Literature on inclusive learning methods for visually impaired people abound. However, the common denominator for all the solutions provided is the use of audio whether in audiobooks, audio supported reading (ASR), accessible education material (AER), assistive technology (AT) or instructional design methods. The use of audiobooks as recommended by [57, 59, 64], Audio Supported Reading (ASR) and AER [66], is considered to facilitate their learning and inclusion. According to [57], audiobooks have valuable features such as the ability to replay for learning reinforcement, to listen to an unabridged version while following along in the actual hardcopy of the same book, and note-taking becomes easier. Moreover, audiobooks in distance education provide easy access, low cost and swift alteration of the content when it is necessary. Assistive technologies in classroom and libraries as recommended by [56, 58, 60, 65] allow more active participation in their education process, better communication and exchange of information for more inclusiveness. One of the main features of AT is again audio inputs, outputs and Voice User Interface (VUI) [68]. Another important recommendation is the use of proper instructional design to cater to the learning needs of visually impaired people [61,62,63, 67] fostering a more universal and inclusive approach.

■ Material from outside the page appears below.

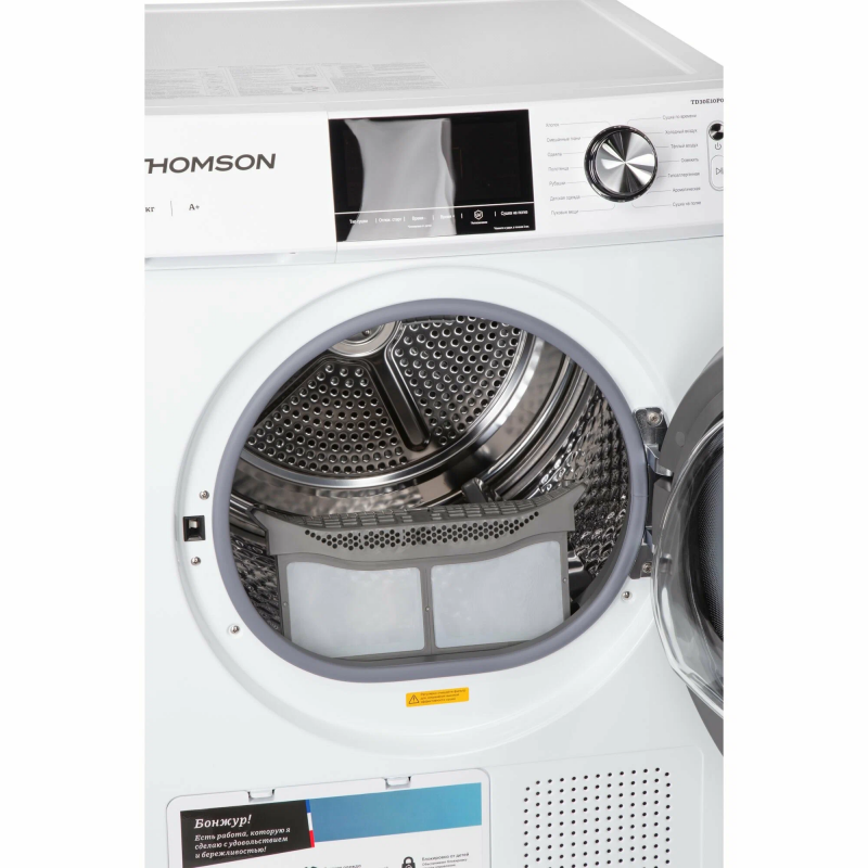 Сушильная машина с тепловым насосом Thomson TD30E10P01 создана для вашего комфорта! Она не только экономит время, но и бережно ухаживает за вещами, сохраняя их качество и мягкость. Благодаря тепловому насосу процесс сушки проходит при более низких температурах, что защищает ткани и снижает энергопотребление.Вам больше не придется беспокоиться о деликатных вещах – выбирайте подходящую программу для хлопка, смешанных тканей, шерсти, пуховых изделий, полотенец или детской одежды. Функция «Сушка на полке» позволяет безопасно высушить обувь, плюшевые игрушки и даже подушки. Выбирайте один из четырех уровней влажности:✔ Экстра – для полного высушивания и длительного хранения.✔ Стандарт – для немедленного использования.✔ В шкаф – одежда готова к размещению на полках.✔ Под утюг – для легкой глажки без лишних усилий. Дополнительные возможности для вашего удобства: Отложенный старт (3–24 часа) – запускайте сушку в удобное время. Дозагрузка вещей – забыли положить носок? Просто добавьте его в процессе! Подсветка барабана – удобство в любое время суток. Антисминание – вещи выходят из барабана без лишних заломов.УФ-стерилизация – уничтожает бактерии и аллергены, делая одежду безопасной даже для малышей. Выберите мой режим, сохраните любимые настройки и наслаждайтесь идеальным результатом! А режим «Освежить» поможет быстро удалить запахи без стирки. Сушильная машина для белья с тепловым насосом Thomson TD30E10P01 – надежный помощник, который заботится о вас и вашей одежде!
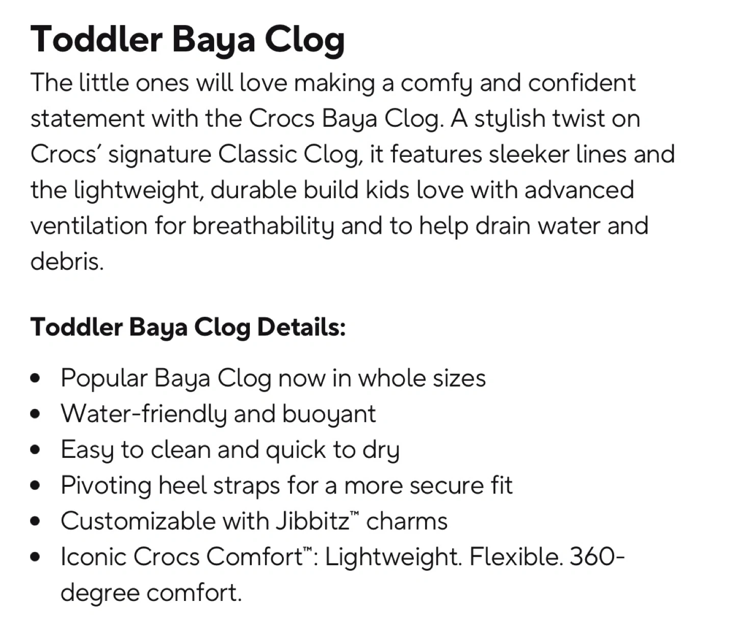 Crocs Toddler Baya Clog – Pink (Size C5)

Based on the above, this research comes at the right time to provide a holistic, systematic, scientific and empirical approach to designing instructional audio for enhanced learning effectiveness among the visually impaired population in addition to the low-literate population.

5 Conclusion

Audio learning is different from multimedia learning. The major challenge is to devise effective learning materials over a single sensory medium while acknowledging the fact that the cognitive capacities of the learner are severely limited. In the absence of any systematic and holistic audio instructional guidelines in the existing literature, the authors [1] through a systematic literature review derived 23 guidelines for effective audio design. This work is a continuation of the mentioned prior work and empirically validates these 23 guidelines regrouped under the OCRAT framework. To this effect, 40 audio lessons equivalent to around 3 h on various topics pertaining to agriculture and fisheries were devised based on the OCRAT guidelines. A group of 225 and 180 literate and semi-literate populations both in Mauritius and India were identified. Through a range of ten (10) courses regrouping the respective audio lessons, the OCRAT framework was tested over our ACALEs platform. A survey was conducted on learners who participated and completed the course. From the collected data, empirical testing using inferences on population proportions based on the binomial distribution was conducted to validate the proposed set of guidelines. The results proved to be very conclusive. The discussion section elaborates even further on the validated guidelines and substantiates them with additional literature. It is promising in that it validates the hypotheses we made and henceforth OCRAT audio instructional guidelines can be used as a holistic and effective guide to the development of audio courses not only in ACALEs but on other audio mediums like podcasts, radio programs and others both for the literate, non-literate as well as visually impaired population. This research ultimately empirically answers our main research question and contributes especially to this very focused domain of audio-only instruction design which currently is quasi-absent.

The limitations of this research work are that the following: (i) The testing has been done in the development of courses in the Agriculture and Fisheries domain only, which explains the survey results disparity between semi-literate and literate populations; (ii) The framework has been used to develop courses at lower levels of Bloom's taxonomy. Hence, as future work; (i) We aim to develop more courses in other domains such as Health, Gender Equality, Language learning and others; (ii) We aim to develop and test courses exclusively for the literate population and compare the results with this current research; (iii) We intend to design courses at higher levels of Bloom’s Taxonomy [12] (Analysis, Synthesis and Evaluation) using our framework.